RB: The film really shines though in the moments when Louise Erickson is on screen. One could make a strong argument that she was an actress prone to typecasting, but she was only in three movies including this one. Erickson is most known for her roles on radio series like Marjorie on The Great Gildersleeve and Judy Foster on A Date with Judy, which is basically the character that she channels in this film. I’m a big fan of Erickson’s radio work, and thought that she handled her starring role (she’s on screen more than anyone else here) really well.

SG: Her voice is very distinctive, young and wistful. It is her charm that carries the film. Robert White plays Susan's boyfriend Howard, a long-suffering squeaky-voiced teen who can't compare to Don's maturity or talent, but his loyalty is admirable. It tugged on my heartstrings that he worked so hard to buy Susan an orchid, even knowing that she would believe it was from Don. It gave me a chuckle that in the scene where the kids are renovating the social space to prepare for the concert, Howard literally painted himself into a corner, a representation of what he had been doing romantically thus far.


SUSAN: Howard, do you have to sneeze so much? HOWARD: Do you have to smell so much?

RB: Crosby’s songs are just fine, but overall forgettable. The real musical highlights come from Louis Jordan and the Tympany Five and the Kim Loo Sisters. Jordan’s career was a short time away from his commercial peak, and his show stopping performance of Deacon Jones highlights why. It prompted a deep dive on my part into Jordan’s recorded work on my part that I’ve been finding quite fruitful. The Kim Loo Sisters as well, known as an Asian-American Andrews Sisters are lots of fun too.


SG: I was familiar with some of Louis Jordan's work prior to the movie, so I was excited to see his name in the cast, but I don't know if I'd seen him perform before. His style is remarkably contemporary. He wears flashy glasses and mugs for the camera, and his band can't keep themselves still throughout the song. I could see these guys fitting in on stage at Saturday Night Live; they put on quite a show. It is clear that Jordan's sequence and the Kim Loo Sisters, who are cute as can be and very good singers, are inserts that could be cut at will for time or racist proclivities.

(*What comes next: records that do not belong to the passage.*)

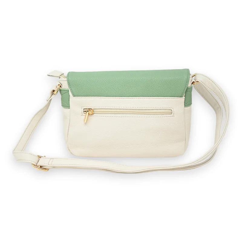 Este bolso bandolera, con su apariencia de maletín moderno, se distingue por su acabado en sutiles tonos de beige y verde, gracias a un material sintético que evoca con brío la textura del cuero auténtico. Las dos correas magnéticas ofrecen una apertura segura y práctica, mientras que los dos bolsillos frontales son ideales para las necesidades diarias. El interior del bolso, diseñado con esmero, incluye un gran bolsillo central con división para un óptima organización y bolsillos adicionales para almacenamiento extra. El bolsillo trasero con cremallera proporciona una protección adicional para tus objetos personales. Midiendo 25x20 cm, este bolso es una mezcla perfecta de elegancia funcional, ideal para los amantes de la moda en busca de un accesorio a la vez práctico y chic. Correa ajustable a tu conveniencia.
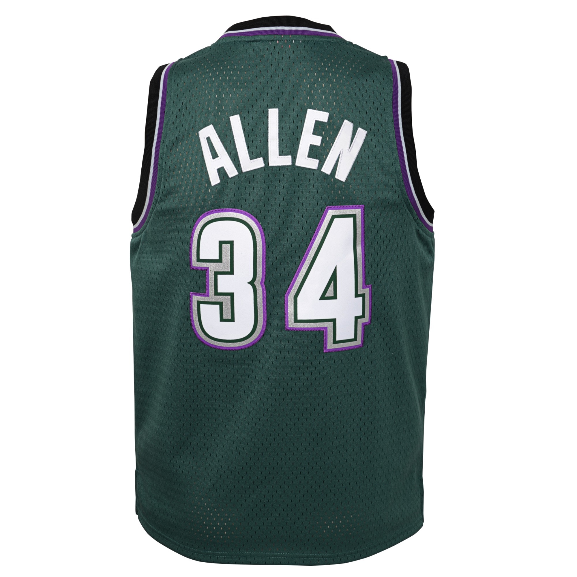 Relive NBA history with the Milwaukee Bucks Ray Allen 1996-97 Hardwood Classics Swingman Jersey in youth sizing. This lightweight, breathable jersey is crafted from 100% polyester for optimal comfort and performance during games, training, or casual fan wear. The classic swingman design features authentic team colors in fir green with multicolor accents, capturing the iconic style of Ray Allen’s era. Perfect for young basketball fans, it offers a relaxed fit suitable for everyday activities or showing team pride. Durable construction ensures it withstands active use while staying cool and dry. Available in youth sizes S to XL. Not affiliated with NBA teams or leagues.
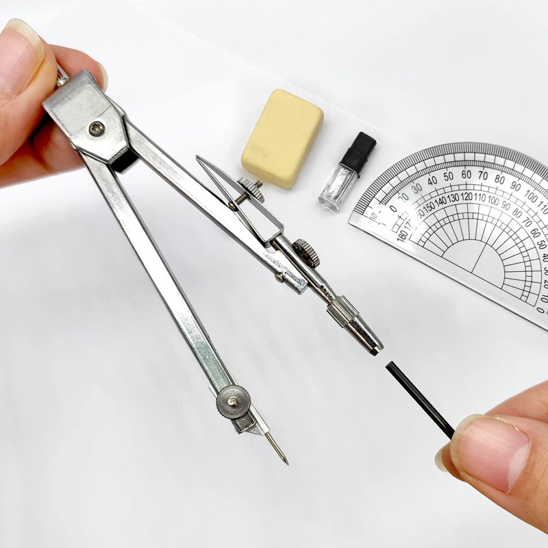 2.Silver metal compass, which remains solid and reliable without slipping or expanding during use, guaranteeing smooth and accurate circles; lead refills with a diameter of 2mm, providing an ample supply for your drawing needs; eraser for correcting any mistakes; protractor for measuring angles with ease.
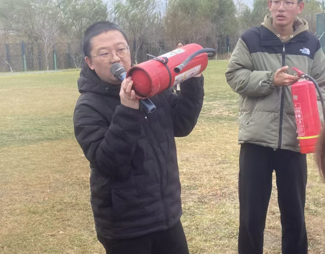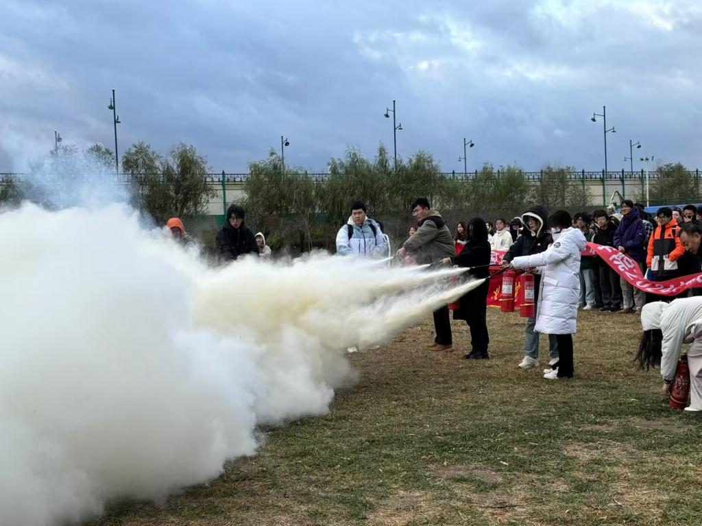 保卫处防火科孙健老师为同学们现场讲解了消防安全知识,包括火灾的预防、火灾发生时的应急处理方法以及灭火器的正确使用方法等。孙健还亲自示范了如何使用灭火器灭火,并邀请部分同学进行实际操作,让同学们在实践中掌握灭火器的使用技巧。
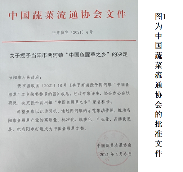 清风网讯(当阳市两河镇农办 : 史风波)4月16日,笔者从湖北省当阳市两河镇党委书记童梦处获悉:该镇已收到中国蔬菜流通协会的批准文件,已成功申报“中国鱼腥草之乡”。
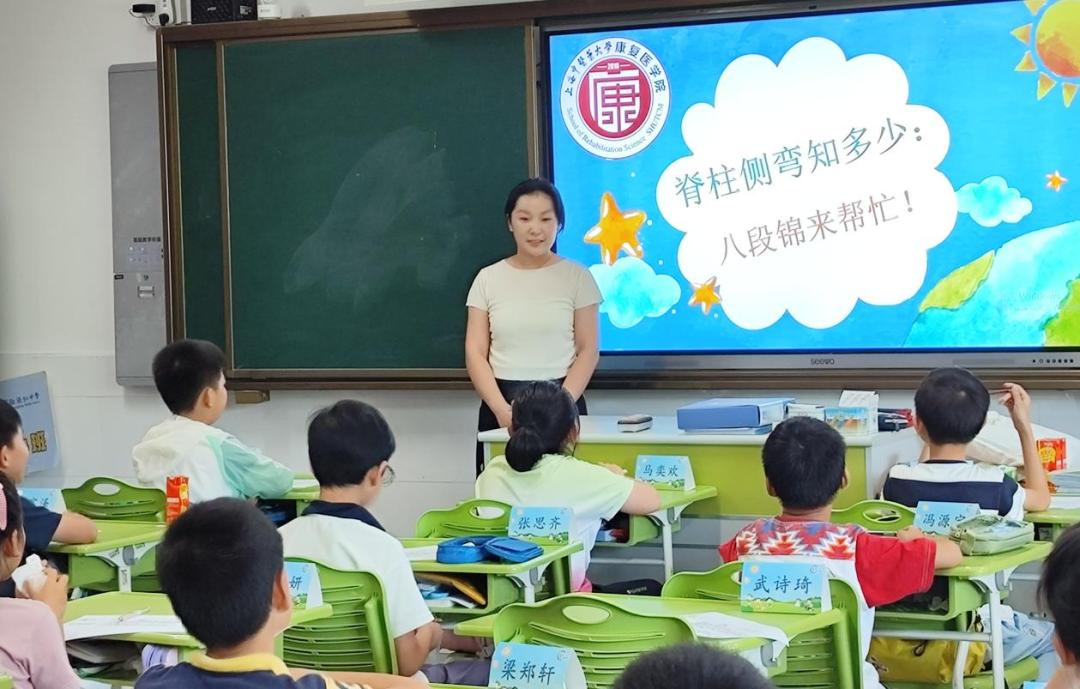 本次活动旨在通过科普八段锦对预防儿童脊柱侧弯的影响,在参加此次活动的小学生心中种下一颗中医药文化的种子。通过运动来预防疾病是康复医学一贯的理念,志愿者们运用所学知识,通过科普讲课和八段锦教学指导让小朋友们学习了脊柱和体态健康知识,同时在八段锦练习中也学会了通过传统健身功法来预防脊柱侧弯。未来,康复医学院的同学们依旧会不懈努力,为推广中医传统健身功法、提升全民健康水平贡献自己的力量。

RB: Naturally, this isn’t the kind of film that got a lot of attention or spent much time on the top of the bills. However, one showman in Milwaukee pulled in 3,000 people on election night by screening this film in conjunction with a “Miss Bobby Socks” contest to select the typical American Girl of 1945. As one can expect during wartime, the emphasis was on encouraging the purchase of war bonds. The entire affair was so successful that it was covered in a piece by Look Magazine.


Less savvy showmen had a difficult time putting this film over. “This is a very poor picture. It may do half of a double bill,” griped J Lelse of the Rand Theatre. Its not that the movie has a poor reputation. It has no reputation. I couldn’t find any evidence of it airing on TV after 1961 besides a single TCM airing in 2007. This is a shame, because it’s a film full of tuneful songs and an especially delightful performance from Erickson, I’d give this forgotten film four stars, not only for being so much fun to watch, but for being a wonderful example of the B-musical, a largely forgotten and maligned genre of film that no longer exists today.

SG: Hollywood Nite Life said, "The most pleasing factor is director Glenn Tryon's homeopathic handling of the kid psychology. He manages to hold up a delightful mirror to our crooner-conscious adolescents-- and the problems this daffy reflex pose to ma and pa-- and the school board."


I liked it from the beginning when Don stood outside Susan's door to meet his wartime pen pal and the numbers on the exterior of the house were the same style that my childhood apartment had. This is a happy spirit-lifting film with lots of talented lesser-known faces that is deserving of three stars.